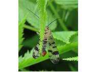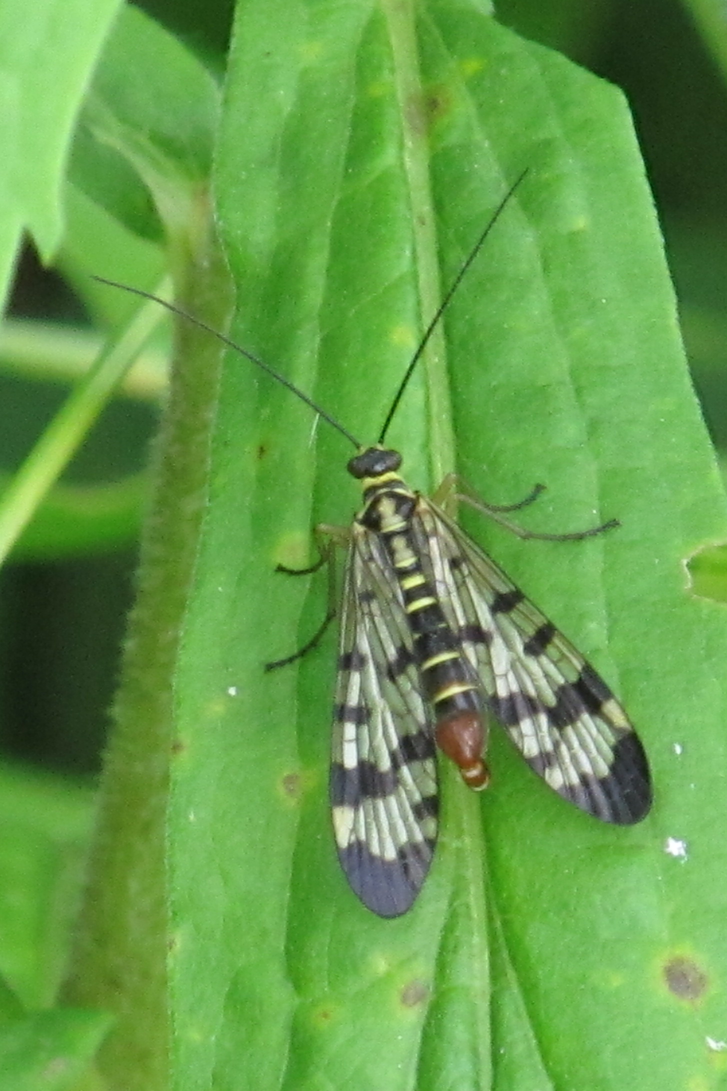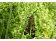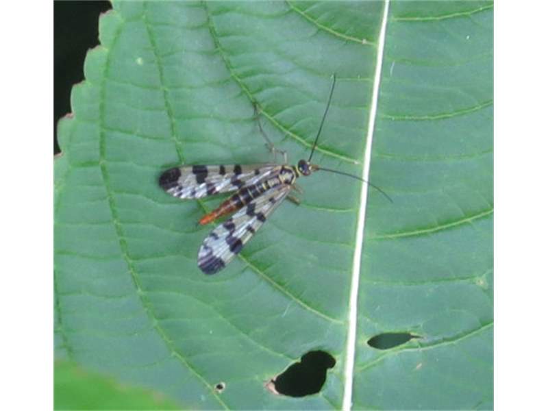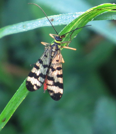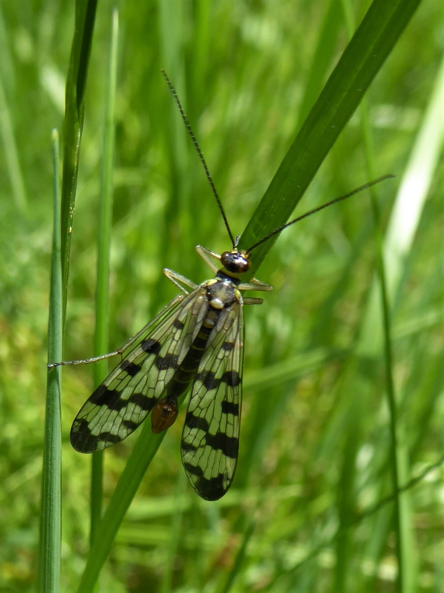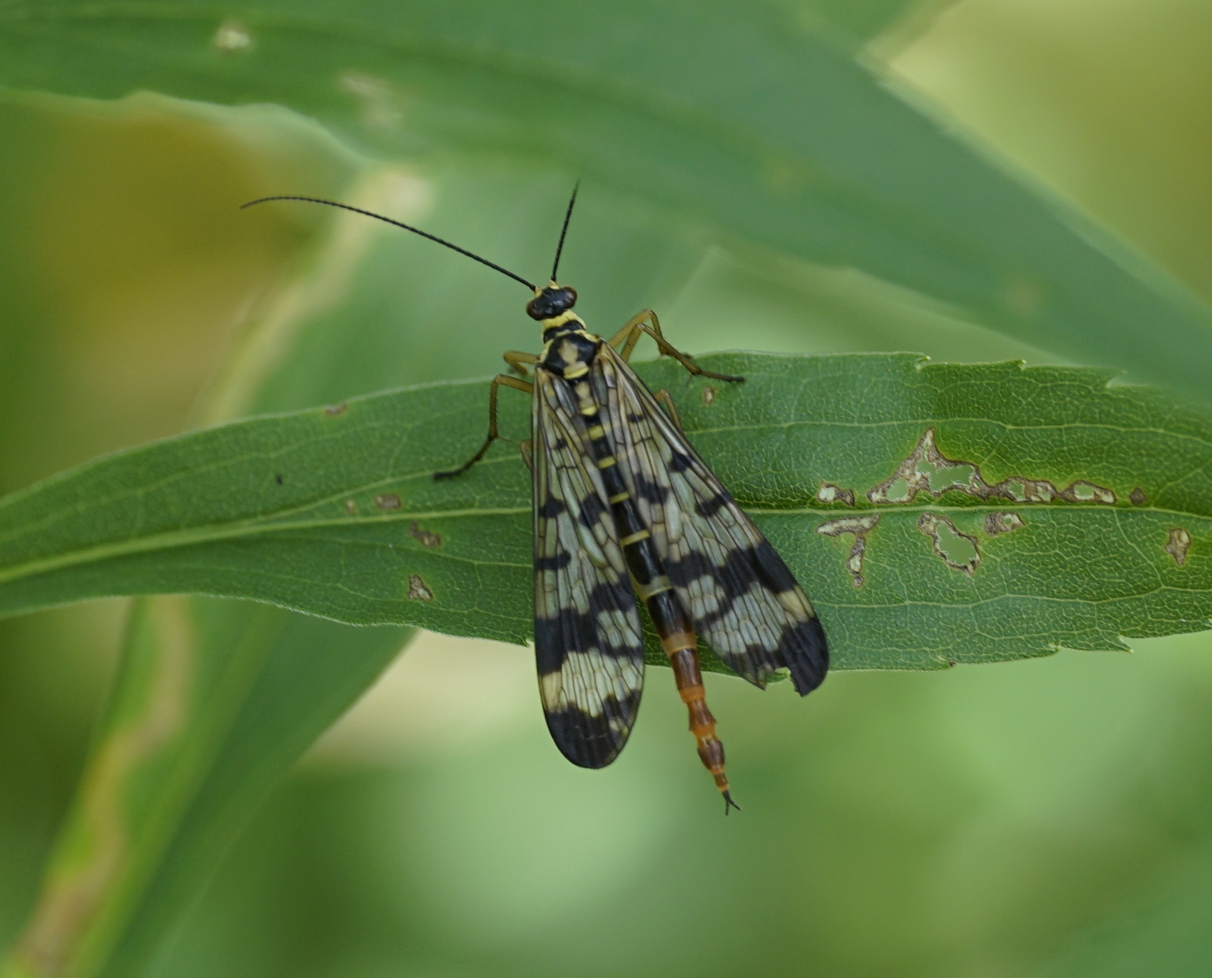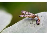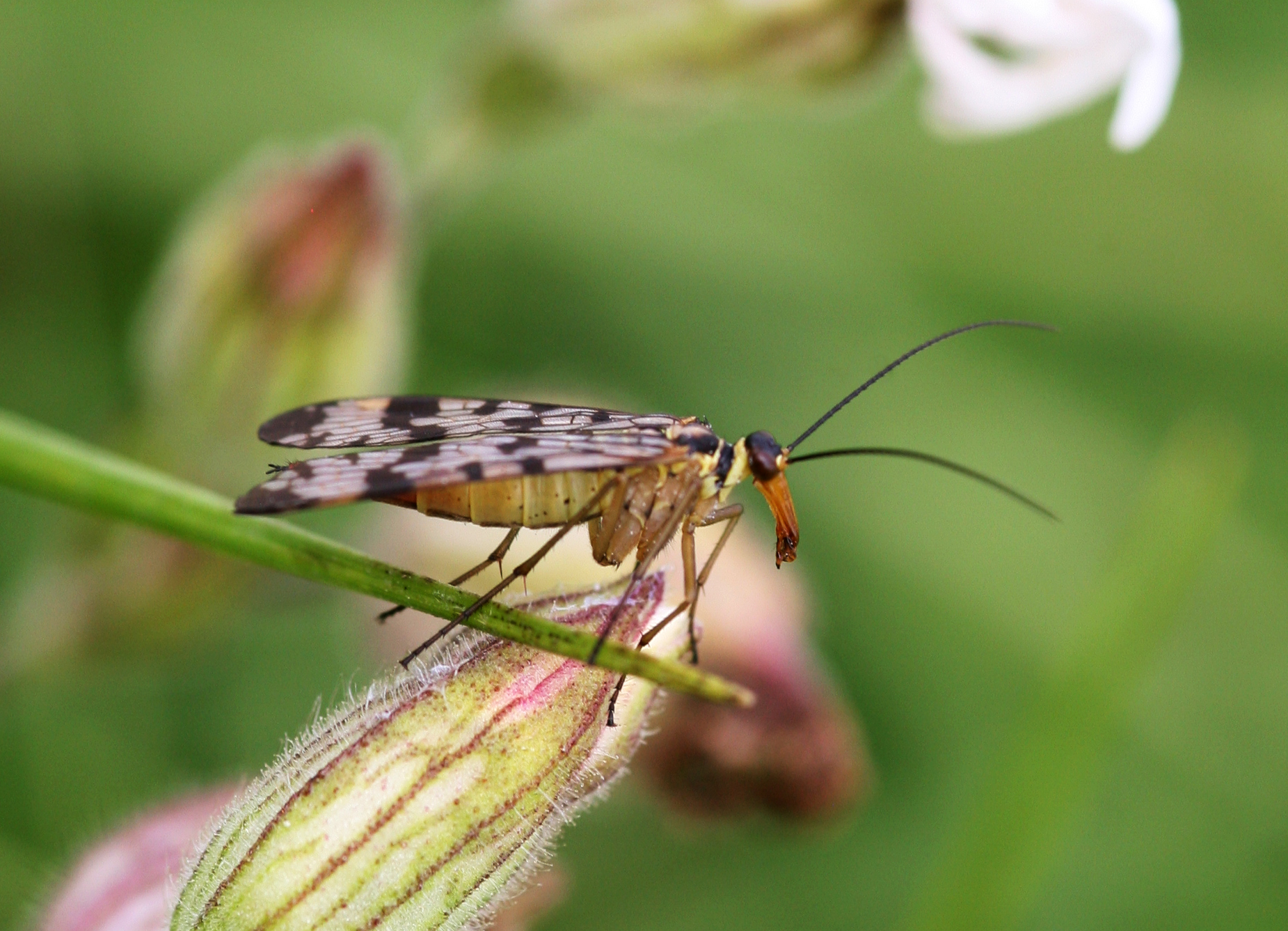 Skorpionsfliegen bei der Kopulation, (09.08.2010 im Tharandter Wald am Triebischsee). Das Männchen hält das Weibchen nicht nur mit dem zangenförmigen Abdominalfortsatz fest, sondern hat seine Flügel noch so über die des Weibchens gelegt, dass ein Fortfliegen unmöglich ist. Die Hochzeit findet an einer toten Raupe (von Gregärparasiten befallen) statt, an denen die Adulten Nahrung aufnehmen
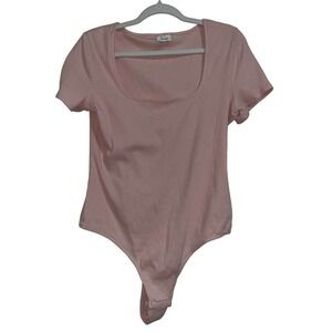 Comfy scoop neck and short sleeves. Snap closure with thong style back.
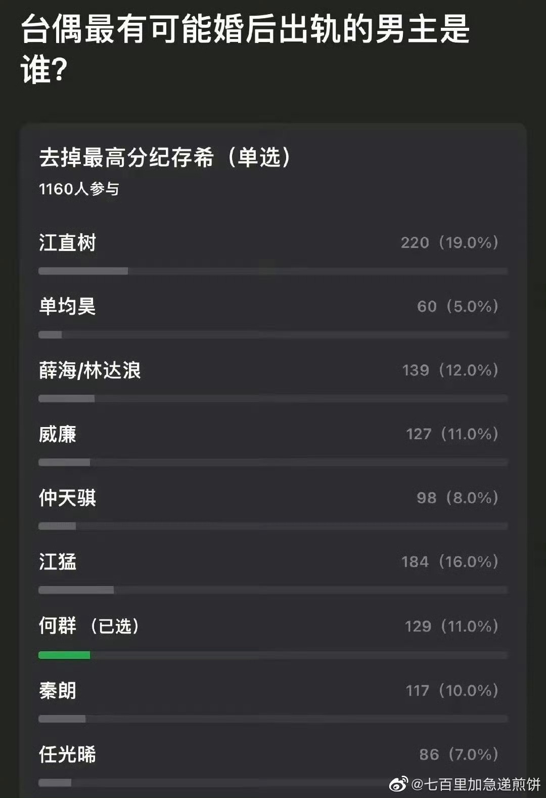 这个台偶男主婚后谁会出轨的榜单,第一名竟然是江直树。感觉他好冤呐,江直树唯爱袁湘琴在剧里其实还表现的挺明显的

_What the task requires:_ Word for word, repeat all the data, but not its images.

_Answer for this exercise:_
 Skorpionsfliegen bei der Kopulation, (09.08.2010 im Tharandter Wald am Triebischsee). Das Männchen hält das Weibchen nicht nur mit dem zangenförmigen Abdominalfortsatz fest, sondern hat seine Flügel noch so über die des Weibchens gelegt, dass ein Fortfliegen unmöglich ist. Die Hochzeit findet an einer toten Raupe (von Gregärparasiten befallen) statt, an denen die Adulten Nahrung aufnehmen
 Comfy scoop neck and short sleeves. Snap closure with thong style back.
 这个台偶男主婚后谁会出轨的榜单,第一名竟然是江直树。感觉他好冤呐,江直树唯爱袁湘琴在剧里其实还表现的挺明显的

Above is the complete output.